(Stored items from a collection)
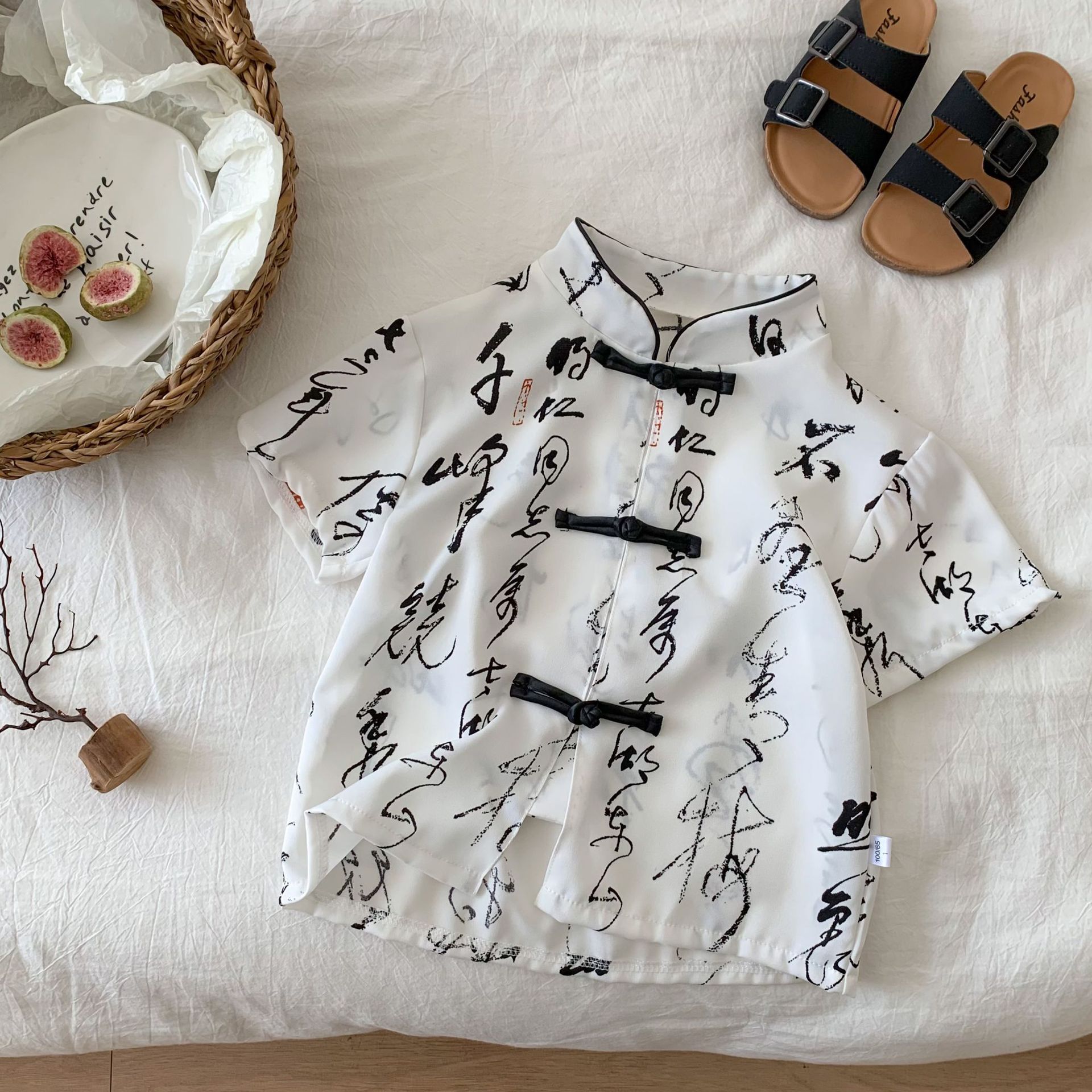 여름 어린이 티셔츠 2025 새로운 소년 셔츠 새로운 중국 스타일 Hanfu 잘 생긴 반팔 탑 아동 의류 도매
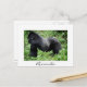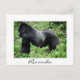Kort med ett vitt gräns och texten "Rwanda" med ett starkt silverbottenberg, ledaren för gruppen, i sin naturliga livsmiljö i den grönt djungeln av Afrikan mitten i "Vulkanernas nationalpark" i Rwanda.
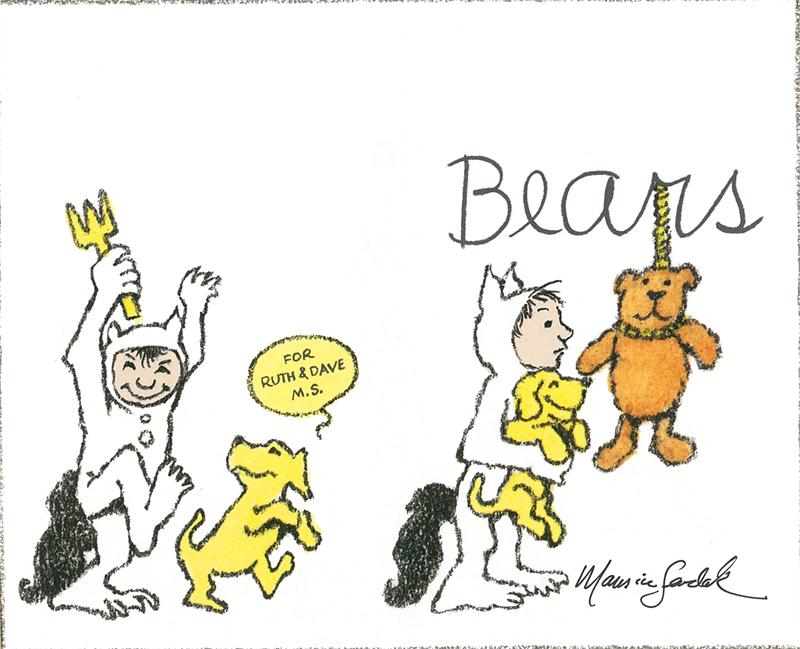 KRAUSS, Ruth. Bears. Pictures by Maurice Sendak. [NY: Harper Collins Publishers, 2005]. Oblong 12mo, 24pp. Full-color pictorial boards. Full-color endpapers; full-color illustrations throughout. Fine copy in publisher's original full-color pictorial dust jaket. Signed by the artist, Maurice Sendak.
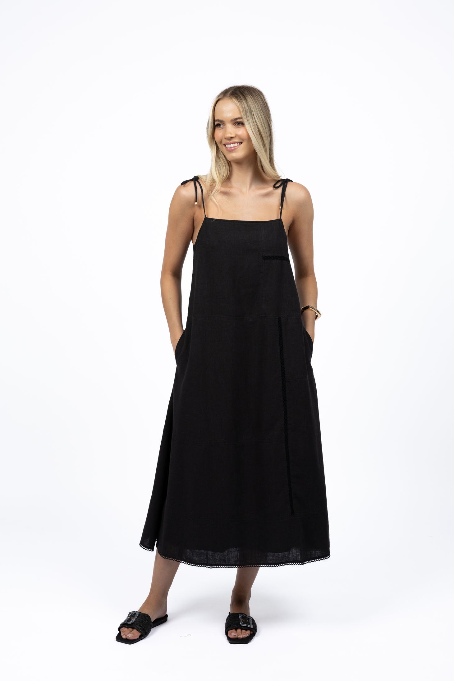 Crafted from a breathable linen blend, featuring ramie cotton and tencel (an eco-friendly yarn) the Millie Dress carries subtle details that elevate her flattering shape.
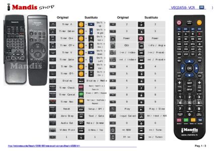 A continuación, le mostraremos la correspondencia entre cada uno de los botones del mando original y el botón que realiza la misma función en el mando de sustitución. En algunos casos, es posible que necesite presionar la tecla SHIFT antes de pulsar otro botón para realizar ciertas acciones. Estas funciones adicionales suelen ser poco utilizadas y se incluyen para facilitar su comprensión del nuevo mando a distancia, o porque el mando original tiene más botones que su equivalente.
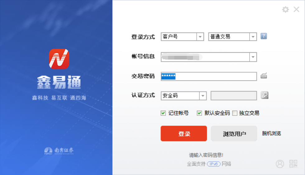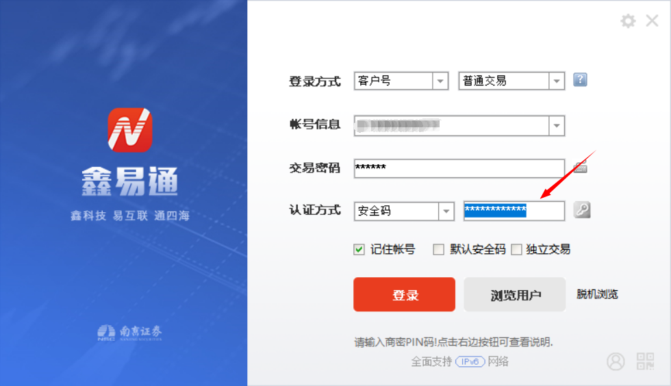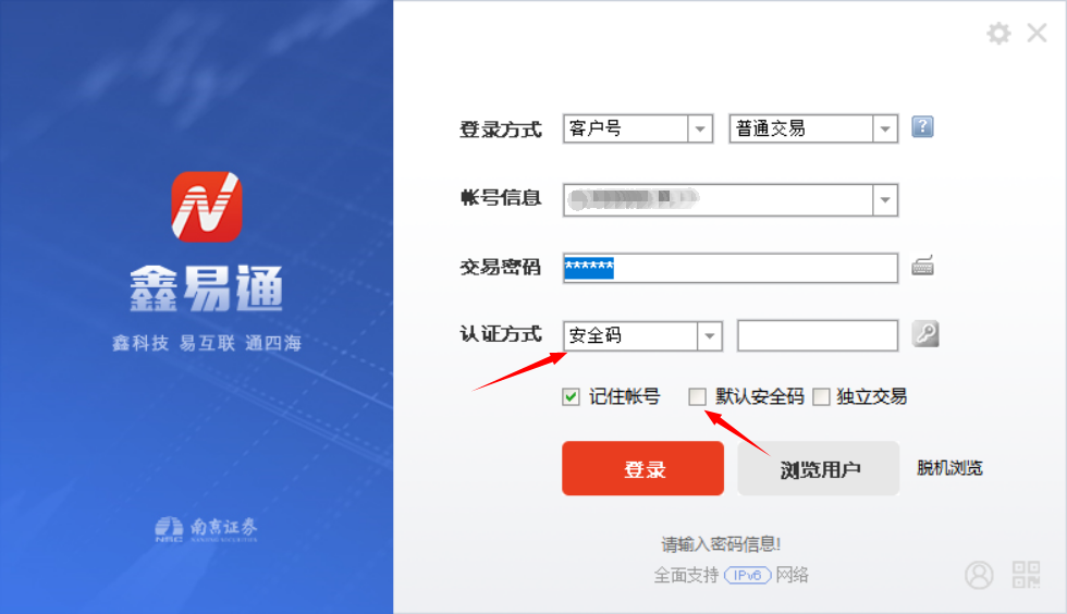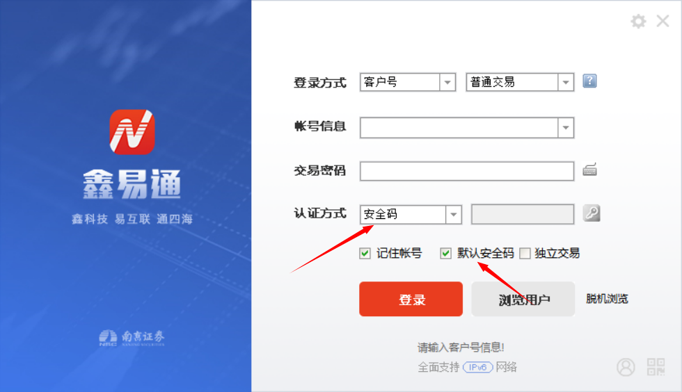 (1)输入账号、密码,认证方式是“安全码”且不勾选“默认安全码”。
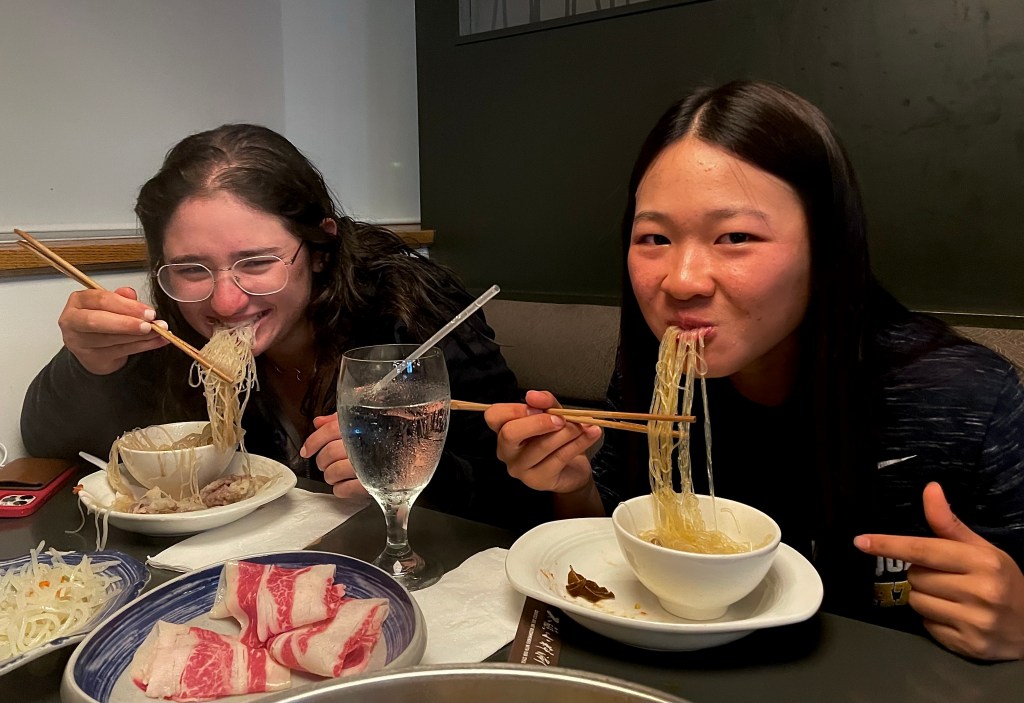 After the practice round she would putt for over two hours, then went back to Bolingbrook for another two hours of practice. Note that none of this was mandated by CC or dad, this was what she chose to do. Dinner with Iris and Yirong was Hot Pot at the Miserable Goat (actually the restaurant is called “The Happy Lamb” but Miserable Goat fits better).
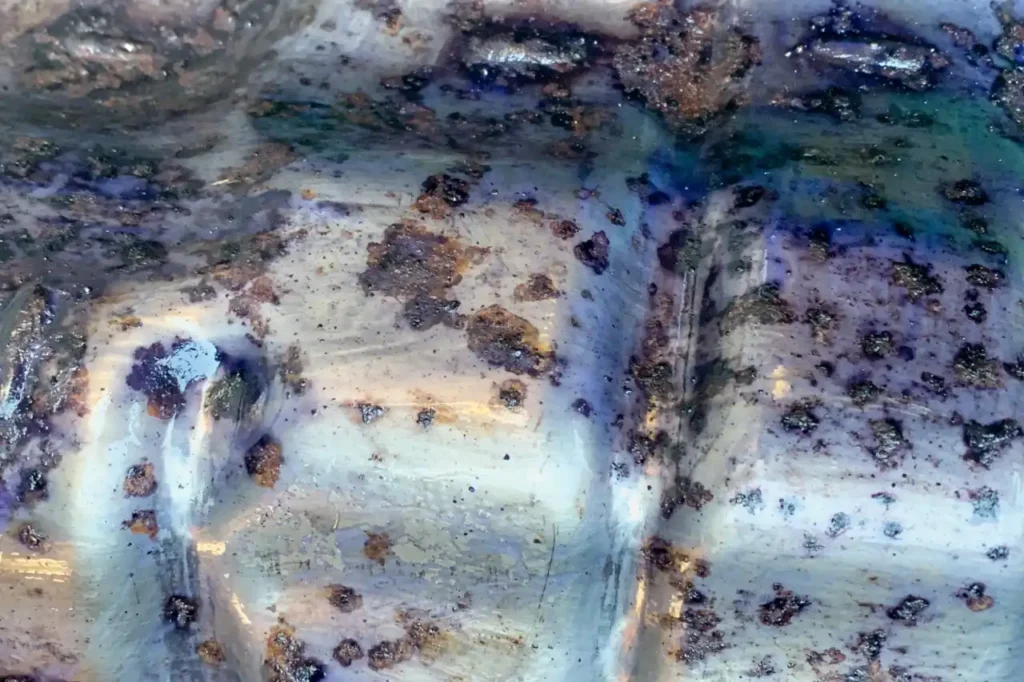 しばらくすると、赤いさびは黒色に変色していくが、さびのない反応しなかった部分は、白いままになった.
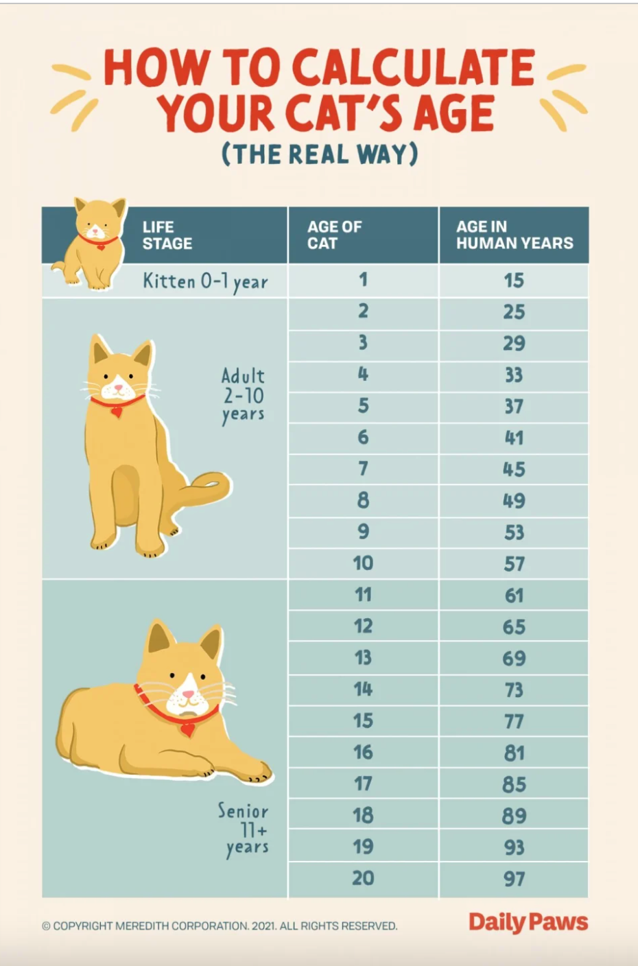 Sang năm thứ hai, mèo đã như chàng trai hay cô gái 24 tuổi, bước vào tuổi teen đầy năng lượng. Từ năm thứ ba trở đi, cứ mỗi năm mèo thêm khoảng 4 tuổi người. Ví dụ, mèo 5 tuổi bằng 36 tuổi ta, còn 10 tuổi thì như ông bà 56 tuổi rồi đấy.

DESCRIPTION OF THE TASK: Please retype only the lines from the line that holds "A continuación, le" through the end of the records, exactly as they stand, and drop every picture.

TASK RESULT:
 A continuación, le mostraremos la correspondencia entre cada uno de los botones del mando original y el botón que realiza la misma función en el mando de sustitución. En algunos casos, es posible que necesite presionar la tecla SHIFT antes de pulsar otro botón para realizar ciertas acciones. Estas funciones adicionales suelen ser poco utilizadas y se incluyen para facilitar su comprensión del nuevo mando a distancia, o porque el mando original tiene más botones que su equivalente.
 (1)输入账号、密码,认证方式是“安全码”且不勾选“默认安全码”。
 After the practice round she would putt for over two hours, then went back to Bolingbrook for another two hours of practice. Note that none of this was mandated by CC or dad, this was what she chose to do. Dinner with Iris and Yirong was Hot Pot at the Miserable Goat (actually the restaurant is called “The Happy Lamb” but Miserable Goat fits better).
 しばらくすると、赤いさびは黒色に変色していくが、さびのない反応しなかった部分は、白いままになった.
 Sang năm thứ hai, mèo đã như chàng trai hay cô gái 24 tuổi, bước vào tuổi teen đầy năng lượng. Từ năm thứ ba trở đi, cứ mỗi năm mèo thêm khoảng 4 tuổi người. Ví dụ, mèo 5 tuổi bằng 36 tuổi ta, còn 10 tuổi thì như ông bà 56 tuổi rồi đấy.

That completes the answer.